Submitted to: International Association for Food Protection
Publication Type: Abstract Only
Publication Acceptance Date: March 10, 2009
Publication Date: July 13, 2009
Citation: Nou, X., Millner, P.D., Patel, J.R., Sharma, M., Ingram, D.T. 2009. Effect of fresh produce crop residue on the survival of Escherichia coli O157:H7 in soil [abstract]. International Association for Food Protection 2009 Abstract Book. Paper No. T5-03. p. 41. Technical Abstract: Introduction: Significant amounts of un-harvested crop residues are incorporated into the soil at the end of the growing seasons on leafy green produce fields. The extent to which these plant remnants contribute to persistence of soil and produce contamination by bacterial pathogens during the subsequent growing season is unclear. Purpose: The purpose was to evaluate the effects of decomposing plant residues on the survival and proliferation of E. coli O157:H7 in soil. Methods: Spinach leaves and soil were inoculated with several E. coli O157:H7 strains and buried in soil with leaves of cabbage, tubers of forage radish, or spinach. Survival and proliferation of inoculated pathogenic strains was measured for 35 days during biomass decomposition using MPN procedures. Results: No significant proliferation of E. coli O157:H7 strains occurred during the 5 wk biomass decomposition period. However, E. coli O157H7 survival was significantly affected by type of decaying biomass. When E. coli O157:H7-inoculated spinach leaves were exposed to cabbage biomass, the pathogen population declined by 5.0 log after 35 days of decomposition in soil, compared to 3.4, 3.0, and 3.3 log when exposed to biomasses of spinach, radish tubers, or soil without added biomass, respectively.
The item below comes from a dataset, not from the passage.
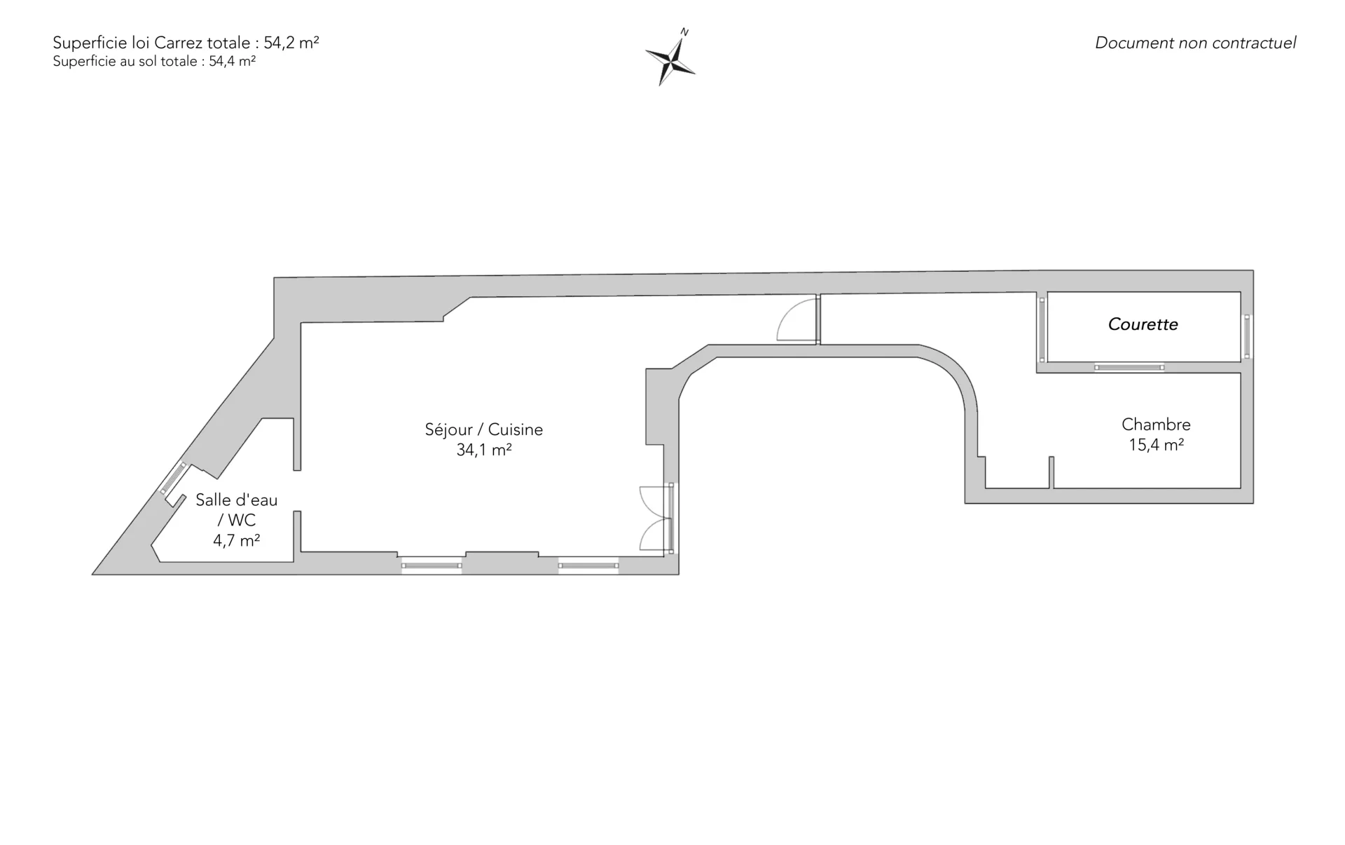 | 1x Chambre | 15.4 m² | Étage : 5ème |

Survival of E. coli O157:H7 inoculated from bovine fecal solids was not significantly affected when different types of crop biomass were tested. Significance: Cabbage and other brassicaceous plants have robust glucosinolate-myrosinase systems. Several glucosinalate hydrolysis products released during decomposition may reduce survival of bacterial pathogens under certain conditions (soil biofumigation). Data from this study suggests that biofumigation in conjunction with Brassica plant rotation could be an effective means in mitigating field contamination by bacterial pathogens in leafy green production systems.